Zusammenfassung
Drei Reisende gingen in Richtung des Ise-Jingu. Sie hatten mehrere Tage von Edo aus gewandert und kamen in eine unbekannte Stadt. Sie beschlossen, in einer Herberge in dieser Stadt zu übernachten.
Zum Abendessen wurde eine köstliche, seltsame Bun serviert, die sie noch nie zuvor gesehen hatten. Am nächsten Morgen, als sie aufwachten, waren sie zu Pferden geworden.
„Wow, was ist hier passiert?“ sagte eines der Pferde. In diesem Moment betrat der Wirt zusammen mit einem unbekannten Mann das Zimmer. Der Mann war ein Pferdehändler.

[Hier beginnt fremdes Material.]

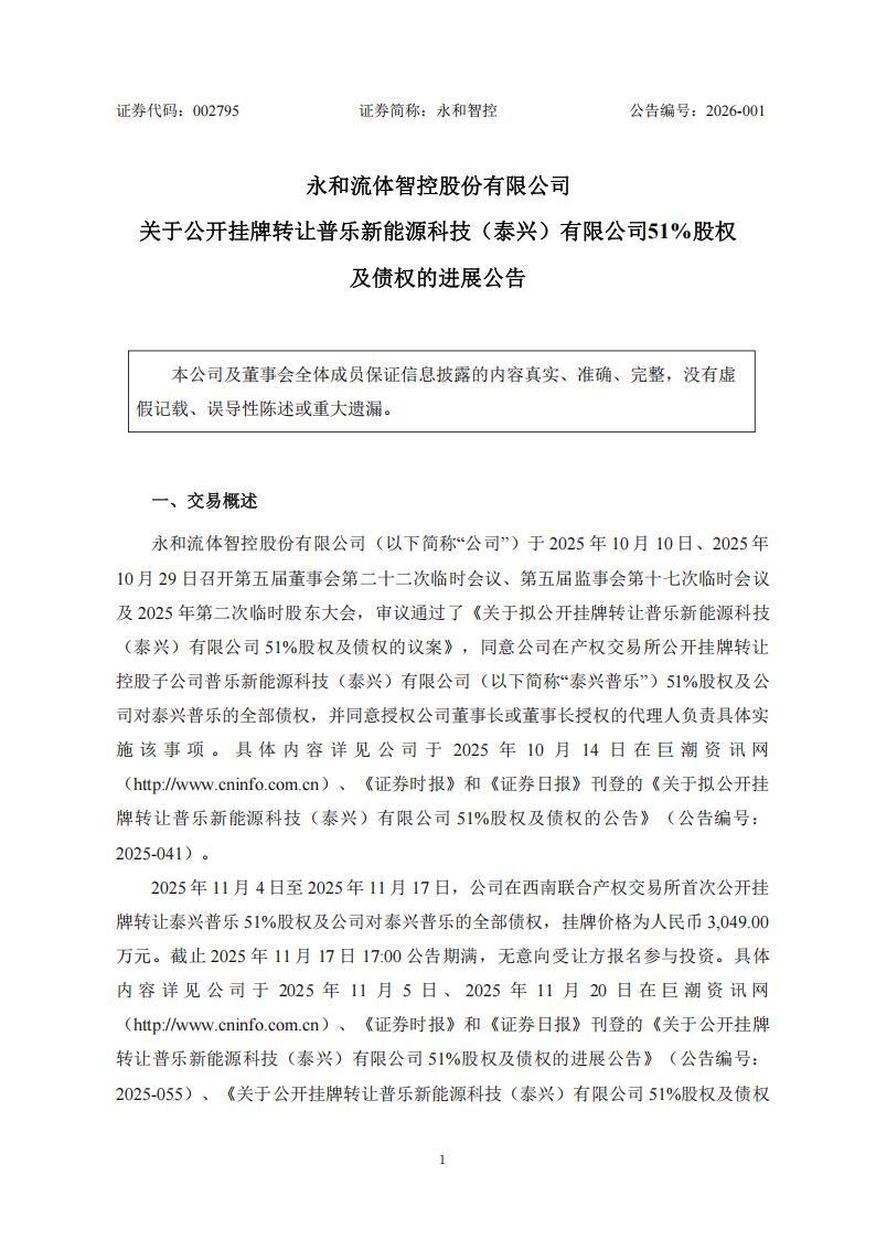 1月7日,永和智控发布关于公开挂牌转让普乐新能源科技(泰兴)有限公司51%股权及债权的进展公告。
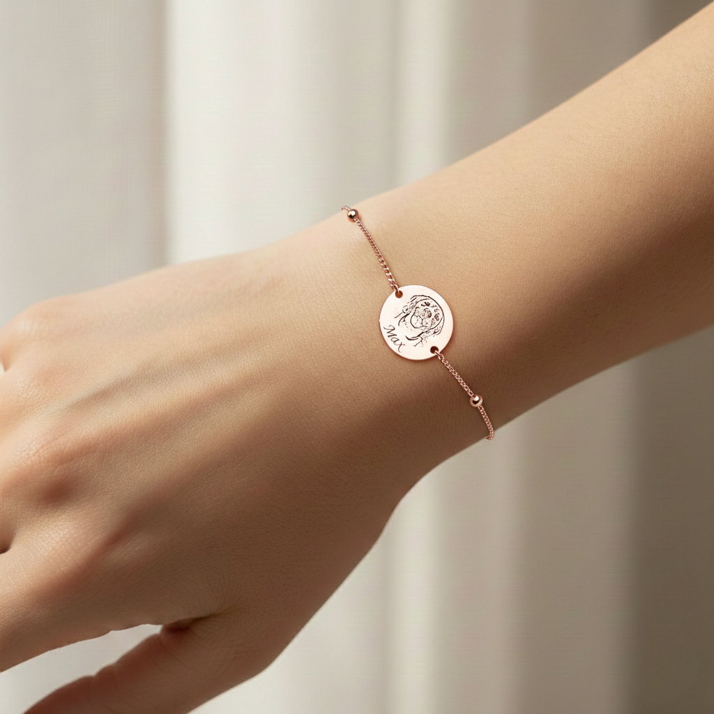 Laser-engraved with precision, this personalized bracelet features your pet’s portrait on a 925 sterling silver disc.

„Das sind schöne Pferde“, sagte der Händler, während er dem Wirt Geld gab. Die drei Pferde wurden von dem Händler hinausgeführt. Sie wurden an einen wohlhabenden Kaufmann verkauft, der die Pferde schwere Lasten tragen ließ.
„Das ist schwer“, „das macht müde“, „das ist anstrengend“, sagten die Pferde, aber die Menschen konnten sie nicht verstehen. Sie mussten den ganzen Tag arbeiten und bekamen nur Reste zu essen.

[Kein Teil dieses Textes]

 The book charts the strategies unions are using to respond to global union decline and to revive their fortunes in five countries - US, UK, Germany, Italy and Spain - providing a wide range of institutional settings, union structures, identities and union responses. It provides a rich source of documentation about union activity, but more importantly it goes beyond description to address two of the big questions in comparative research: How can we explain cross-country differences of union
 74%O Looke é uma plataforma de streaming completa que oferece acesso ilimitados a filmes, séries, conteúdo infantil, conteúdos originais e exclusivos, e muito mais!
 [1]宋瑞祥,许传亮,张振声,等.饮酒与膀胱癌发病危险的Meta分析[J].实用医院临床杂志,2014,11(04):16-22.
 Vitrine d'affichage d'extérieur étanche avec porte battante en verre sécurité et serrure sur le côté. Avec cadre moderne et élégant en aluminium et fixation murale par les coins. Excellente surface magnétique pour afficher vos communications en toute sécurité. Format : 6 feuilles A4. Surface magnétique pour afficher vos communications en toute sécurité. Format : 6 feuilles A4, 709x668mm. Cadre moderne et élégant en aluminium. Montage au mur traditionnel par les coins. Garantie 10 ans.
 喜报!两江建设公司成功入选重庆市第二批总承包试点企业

Eines Nachts hörten die Pferde, wie Passanten sprachen: „Lass uns das heutige Joruri über Pferde sehen!“ Eines der Pferde sagte: „Früher sind wir oft gegangen, als wir Menschen waren. Heute geht es um uns. Wollen wir nicht hingehen?“
„Ich habe nicht wirklich Interesse“, sagte ein anderes Pferd. „Ich auch nicht“, sagte ein weiteres. Aber das theaterbegeisterte Pferd schlich sich mit der Hilfe seiner Kameraden heimlich aus dem Stall und lauschte hinter der Bühne.
Der Erzähler sagte: „In der Mitte der Wiese gibt es einen Damm. Rundherum wachsen Susuki-Gräser, darunter auch gestreiftes Susuki. Das Pferd, das es frisst, wird wieder zum Menschen.“ Als das Pferd diese Geschichte hörte, begann es vor Freude hastig nach dem Damm zu suchen.

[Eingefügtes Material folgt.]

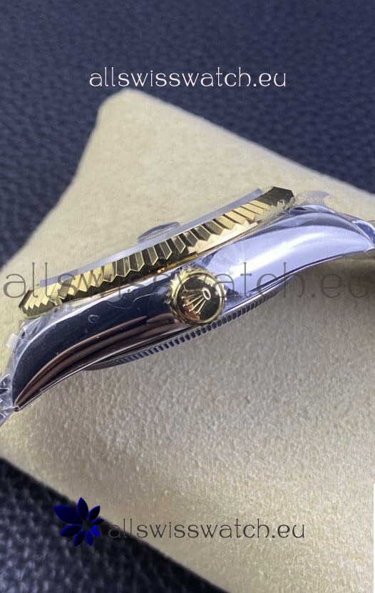 18K Two Tone Yellow Gold Plating on 904L Stainless Steel Case with Solid Case Back complete with Rolex Markings and Engravings
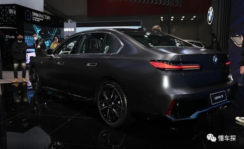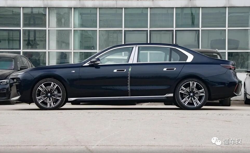 车身侧面,宝马7系为了兼顾i7的高底盘(为了增加电池包不显得突兀),车身高度来到了1548mm,即便和一些小型SUV停在一起,也会显得它压迫感十足。
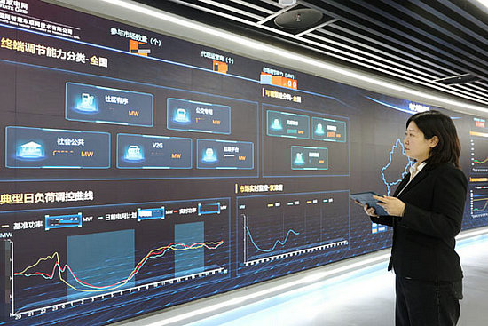 工作人員通過(guò)國(guó)家電網(wǎng)智慧車聯(lián)網(wǎng)平臺(tái)監(jiān)測(cè)負(fù)荷聚合調(diào)控情況。受訪者供圖
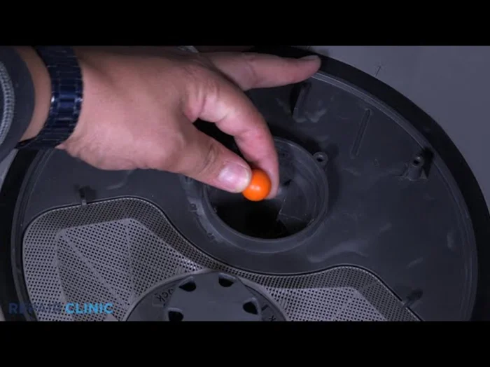 А это оранжевый фильтровальный шарик — часть системы фильтрации в посудомоечных машинах. Этот шарик лежит в специальном отсеке в фильтре внизу посудомойки. Он двигается вместе с потоком воды во время цикла мытья, закрывая путь к мелкому фильтру. Это предотвращает попадание крупных частиц в насос и защищает систему от засоров, а еще мешает воде из канализации вернуться обратно.
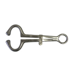 Spring-loaded lead closes in an- animal's nose. Useful in moving or transporting animal. Nose piece measures 2³ x 3³ across the center dia. Overall 5³L.
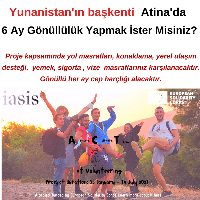 Proje kapsamında yol masrafları, konaklama, yerel ulaşım desteği, yemek, sigorta , vize masraflarınız karşılanacaktır. Gönüllü her ay cep harçlığı alacaktır. Gönüllü, proje boyunca Yunanca dil desteği alacaktır
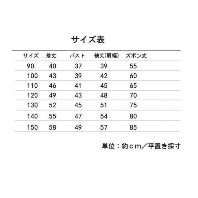 | サイズについての説明 | 子ども用の上下セットアップです。重ね着したように見えるトップスがおしゃれ。この組み合わせだけでバッチリ決まりますね♪【サイズについて】画像をご参照ください。 |

Einige Tage später fand es schließlich das gestreifte Susuki. Kaum hatte es davon gegessen, konnte es seine menschliche Gestalt zurückerlangen. Obwohl erfreut, vergaß es seine Kumpanen, die noch Pferde waren, nicht. Es sammelte das Susuki und kehrte zu seinen Freunden zurück, die ebenfalls zu Menschen wurden.
„Was sollen wir jetzt tun?“, fragte einer. „Zuerst sollten wir uns am Wirt rächen. Er wird sicher täglich unbekannte Gerichte servieren und die Gäste in Pferde verwandeln“, fügte ein anderer hinzu. „Das klingt gut“, sagte das letzte Pferd.
Die drei schlichen sich in die Herberge und fanden das problematische Bun. „Das hier ist schuld. Wie viele Menschen wurden wohl schon in Pferde verwandelt, nachdem sie dieses Bun gegessen haben?“, sagten sie. Also brachten sie es zu einem Süßwarenladen und ließen es zu Senbei verarbeiten.
In derselben Nacht besuchten sie die Herberge erneut und sagten zum Wirt: „Das ist ein Souvenir aus Ise. Möchten Sie es probieren?“ Der Wirt, der sich dachte „Oh, das sieht lecker aus. Wirklich köstlich“, begann zu essen, und im selben Moment verwandelte auch er sich in ein Pferd.
„Es tut mir leid. Ich werde nie wieder so etwas Böses tun. Bitte verzeihen Sie mir“, wieherte das Pferd, aber niemand konnte die Worte des Pferdes verstehen.